# [CLOSED] Celeste in town!



## Chenny (Apr 29, 2020)

Hey guys, No entry fee required but I’ll happily accept tips, in Bells or NMT! Let me know if you’re interested and I’ll pm you my Dodo code. Thanks


----------



## dkbw (Apr 29, 2020)

would love to visit!
will bring purple roses!


----------



## Byebi (Apr 29, 2020)

hi! can i please come? i can bring a few pink hybrids :>


----------



## Applebunny (Apr 29, 2020)

Interested  I can bring a NMT


----------



## sunchild (Apr 29, 2020)

hi again!
i'd like to stop by if you're still doing this!


----------



## Nooblord (Apr 29, 2020)

Is Ava still crafting?


----------



## Everdeen (Apr 29, 2020)

Hi if you're still accepting people I've love to come!


----------



## Sobia (Apr 29, 2020)

can i visit if you got space?


----------



## dino (Apr 29, 2020)

if you're still taking visitors, i'd love to come over and talk with celeste. got a few hybrids i can drop too


----------



## xsopants (Apr 29, 2020)

I'd like to come if still available!


----------



## Chenny (Apr 29, 2020)

Hey yall, unfortunately Ava just stopped crafting    Im checking if anyone else is making anything, but in the meantime Everyone is still welcome to see Celeste and kicks!


----------



## Matt0106 (Apr 29, 2020)

Chenny said:


> Hey yall, unfortunately Ava just stopped crafting    Im checking if anyone else is making anything, but in the meantime Everyone is still welcome to see Celeste and kicks!



I'm interested!


----------



## Proxy6228420 (Apr 29, 2020)

Would love to stop by~ I have hybrids I can bring as a tip


----------



## Chenny (Apr 29, 2020)

Nooblord said:


> Is Ava still crafting?


Sorry, she stopped a bit ago


----------



## Nooblord (Apr 29, 2020)

It’s ok, may I visit for Celeste?


----------



## Ruby Rose (Apr 29, 2020)

I would love to visit Celeste if this is still going on!


----------



## Chenny (Apr 29, 2020)

Everdeen said:


> Hi if you're still accepting people I've love to come!


Hey there! Will send u the code


----------



## Matt0106 (Apr 29, 2020)

Yeah I only need Celeste


----------



## Chenny (Apr 29, 2020)

I’ll dm everyone the code when it’s your turn!


----------



## Ruby Rose (Apr 29, 2020)

I know you posted the code publicly but-is it okay? Don't wanna barge in if you're not ready!

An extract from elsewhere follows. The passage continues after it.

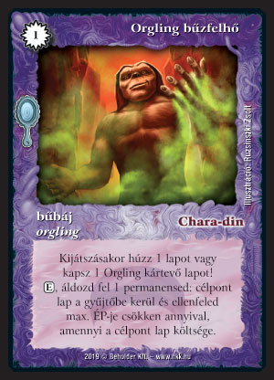 Szöveg: Kijátszásakor húzz 1 lapot vagy kapsz 1 Orgling kártevő lapot! (E), áldozd fel 1 permanensed: célpont lap a gyűjtőbe kerül és ellenfeled max. ÉP-je csökken annyival, amennyi a célpont lap költsége.

Edit: Saw your last post! Waiting~


----------



## Chenny (Apr 29, 2020)

Ruby Rose said:


> I know you posted the code publicly but-is it okay? Don't wanna barge in if you're not ready!
> 
> Edit: Saw your last post! Waiting~


Thx for your patience! Will get to you ASAP 

	Post automatically merged: Apr 29, 2020

Closed the thread, but will still get to everyone who’s waiting!


----------



## Nooblord (Apr 30, 2020)

Sorry, had to do something. Digging up some hybrids now and I’ll be right over.


----------



## Chenny (Apr 30, 2020)

Bump! (Reopened)

thank you guys who already visited for being so friendly and generous! You guys make playing this game fun


----------



## Reginald Fairfield (Apr 30, 2020)

Chenny said:


> Thx for your patience! Will get to you ASAP
> 
> Post automatically merged: Apr 29, 2020
> 
> Closed the thread, but will still get to everyone who’s waiting!


Is this still happening?


----------



## morthael (Apr 30, 2020)

interested in stopping by!


----------



## chibihime143 (Apr 30, 2020)

I'd love to stop by if youre still open!


----------



## Farobi (Apr 30, 2020)

Wanna hop in


----------



## Aliya (Apr 30, 2020)

I'd love to stop by!


----------



## atriosocool (Apr 30, 2020)

I would love to come visit!


----------



## Chenny (Apr 30, 2020)

Thanks yall for your visits and kind gifts!


----------